TO DO:
With the images removed, write out every line below exactly.

RECORD EXCERPTS:
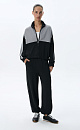 Knitted viscose jogging trousers. The model is made in a sporty style, with an elastic waistband with a drawstring, side pockets and elasticated cuffs. The product is decorated with wide stripes of contrasting color.
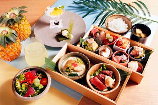 『日本の食を応援する』をコンセプトに、日本各地の作り手と繋がり、産地の美食を発信している食の複合施設「農絆卓恵」。その2Fにあるレストラン「地産美食の小皿料理」にて、『旅するおべんとう箱』シリーズの第2弾沖縄編がスタートします。第1弾“新緑の京丹後”では、「生産者さんのこだわりを知り、より一層美味しく感じた」、「まだ見ぬ食材に出逢うことができてよかった」など、嬉しいお言葉を多数いただきました。第2弾となる今回は、太陽が輝く夏の沖縄へとご案内します。トリップアドバイザーが発表した「2024年夏の人気観光地」のTOP5に沖縄の観光地が3つ選ばれるなど、夏旅行の代名詞ともいえる沖縄。今回はそんな南国の楽園で、循環型農業に取り組んでいる石垣島の「やえやまファーム」をはじめ、島で生産・加工まで行っている生産者さんのこだわり食材を、農絆卓恵ならではのアレンジで2段のおべんとう箱に詰め込みます。
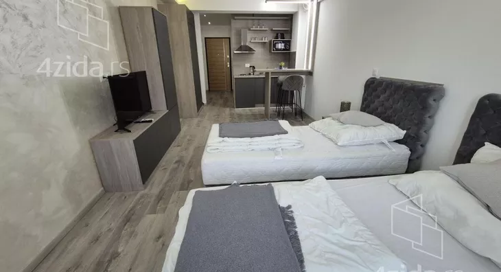 Stan je kompletno opremljen – sve što vam je potrebno za život već se nalazi u stanu: kuhinjski elementi, nameštaj, bela tehnika, posuđe, posteljina... samo donesite lične stvari i uselite se!
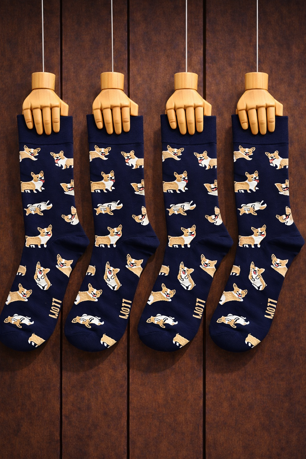 Granatowe skarpetki z motywem corgi to połączenie wygody i uroczego stylu. Miękki materiał zapewnia komfort przez cały dzień, a wesoły wzór z pieskami dodaje charakteru każdej stylizacji. Idealne dla miłośników psów i oryginalnych dodatków.
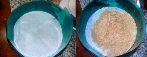 Forrar la base desmontable del molde con papel vegetal, colocar el aro, cortar el papel que sobra y reservar.
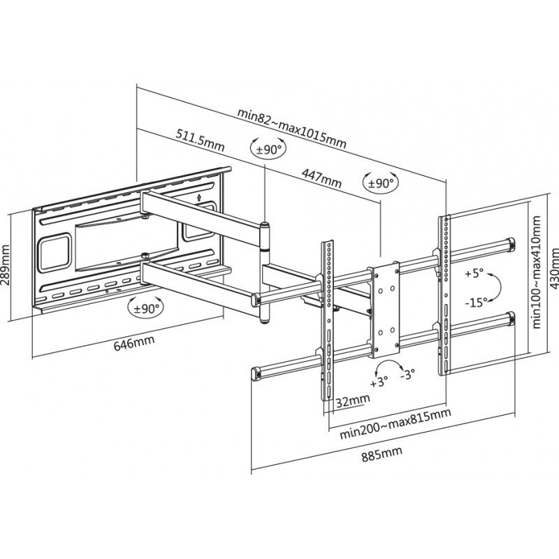 Nástěnný ocelový XL držák s bočním natáčením na LCD TV s uhlopříčkou 43"- 80" (109-203cm) a hmotností maximálně 50kg. 3x pant, vertikálně výklopný +5°/-15° a horizontálně otočný +90°/-90°, vzdálenost od stěny 82-1015mm, vodováha, Cable Managment, materiál ocel, barva černá. Uchycení VESA: 200x200, 300x200, 400x200, 300x300, 400x300, 400x400, 600x400, 800x400.. Reflecta GmbH, Wiesenstr. 25 35630 Ehringshausen Německo, Kontakt přes formulář: https://www.reflecta.de/kontakt
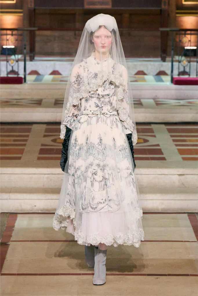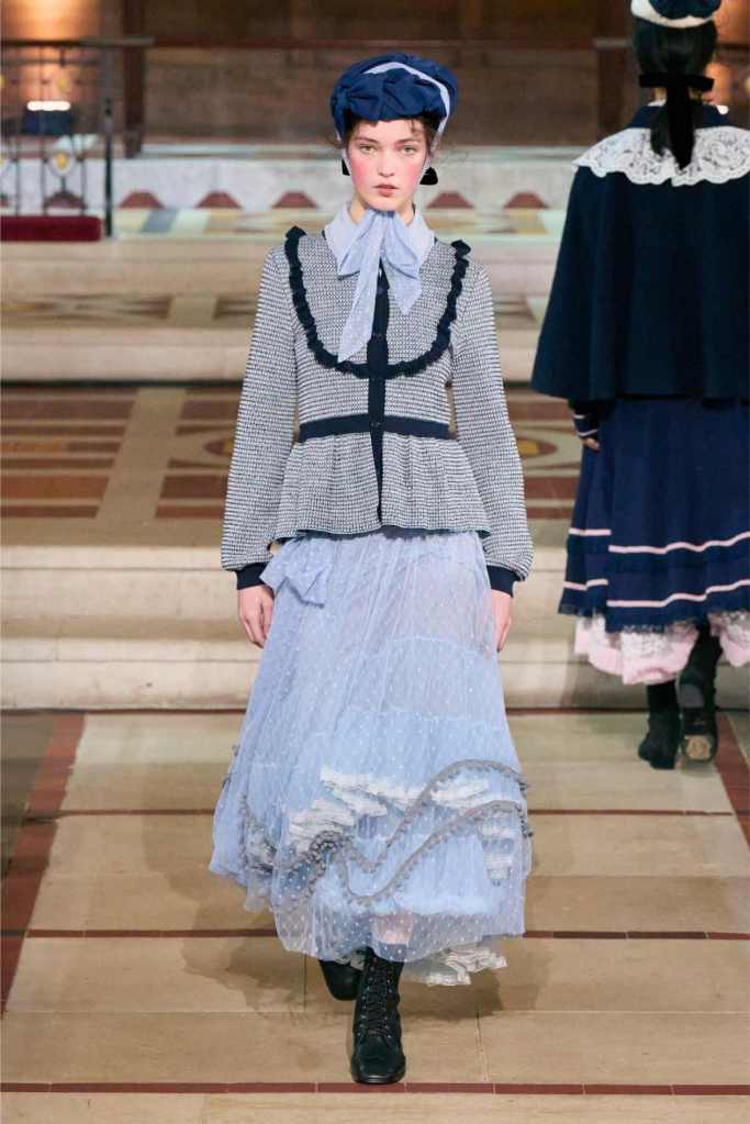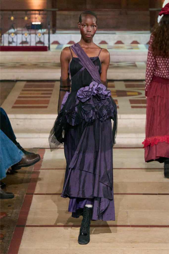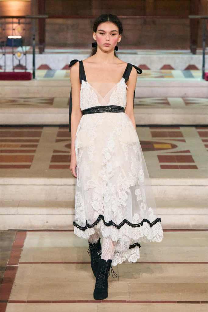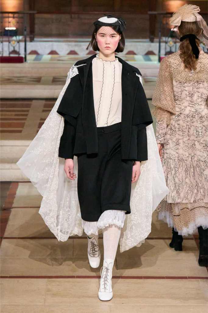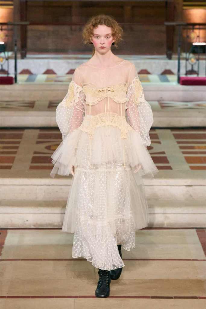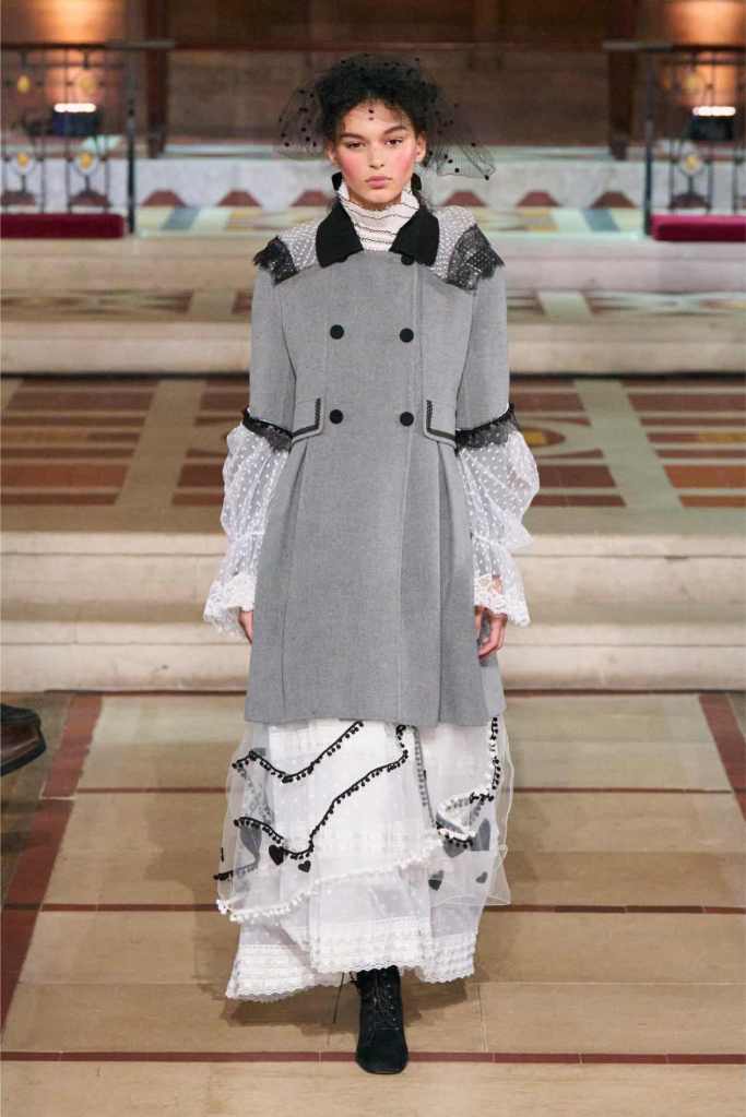 The collection played with this duality beautifully. Delicate, layered lace dresses and sheer tulle pieces created a sense of fragility, while the addition of black pom-poms and crocheted details hinted at something darker beneath the surface. Aksu’s signature romantic silhouettes took on an almost ghostly quality, as if Elisabeth’s legacy was haunting the runway. The black-and-white looks were especially striking—timeless, elegant, and full of quiet drama.
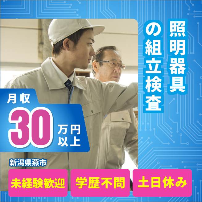 給与詳細 月収例 303,000円 時給例 1,180円 勤務地 新潟県燕市 仕事内容 【照明器具の組立・検査など(夜勤)】

EXERCISE ANSWER:
 Knitted viscose jogging trousers. The model is made in a sporty style, with an elastic waistband with a drawstring, side pockets and elasticated cuffs. The product is decorated with wide stripes of contrasting color.
 『日本の食を応援する』をコンセプトに、日本各地の作り手と繋がり、産地の美食を発信している食の複合施設「農絆卓恵」。その2Fにあるレストラン「地産美食の小皿料理」にて、『旅するおべんとう箱』シリーズの第2弾沖縄編がスタートします。第1弾“新緑の京丹後”では、「生産者さんのこだわりを知り、より一層美味しく感じた」、「まだ見ぬ食材に出逢うことができてよかった」など、嬉しいお言葉を多数いただきました。第2弾となる今回は、太陽が輝く夏の沖縄へとご案内します。トリップアドバイザーが発表した「2024年夏の人気観光地」のTOP5に沖縄の観光地が3つ選ばれるなど、夏旅行の代名詞ともいえる沖縄。今回はそんな南国の楽園で、循環型農業に取り組んでいる石垣島の「やえやまファーム」をはじめ、島で生産・加工まで行っている生産者さんのこだわり食材を、農絆卓恵ならではのアレンジで2段のおべんとう箱に詰め込みます。
 Stan je kompletno opremljen – sve što vam je potrebno za život već se nalazi u stanu: kuhinjski elementi, nameštaj, bela tehnika, posuđe, posteljina... samo donesite lične stvari i uselite se!
 Granatowe skarpetki z motywem corgi to połączenie wygody i uroczego stylu. Miękki materiał zapewnia komfort przez cały dzień, a wesoły wzór z pieskami dodaje charakteru każdej stylizacji. Idealne dla miłośników psów i oryginalnych dodatków.
 Forrar la base desmontable del molde con papel vegetal, colocar el aro, cortar el papel que sobra y reservar.
 Nástěnný ocelový XL držák s bočním natáčením na LCD TV s uhlopříčkou 43"- 80" (109-203cm) a hmotností maximálně 50kg. 3x pant, vertikálně výklopný +5°/-15° a horizontálně otočný +90°/-90°, vzdálenost od stěny 82-1015mm, vodováha, Cable Managment, materiál ocel, barva černá. Uchycení VESA: 200x200, 300x200, 400x200, 300x300, 400x300, 400x400, 600x400, 800x400.. Reflecta GmbH, Wiesenstr. 25 35630 Ehringshausen Německo, Kontakt přes formulář: https://www.reflecta.de/kontakt
 The collection played with this duality beautifully. Delicate, layered lace dresses and sheer tulle pieces created a sense of fragility, while the addition of black pom-poms and crocheted details hinted at something darker beneath the surface. Aksu’s signature romantic silhouettes took on an almost ghostly quality, as if Elisabeth’s legacy was haunting the runway. The black-and-white looks were especially striking—timeless, elegant, and full of quiet drama.
 給与詳細 月収例 303,000円 時給例 1,180円 勤務地 新潟県燕市 仕事内容 【照明器具の組立・検査など(夜勤)】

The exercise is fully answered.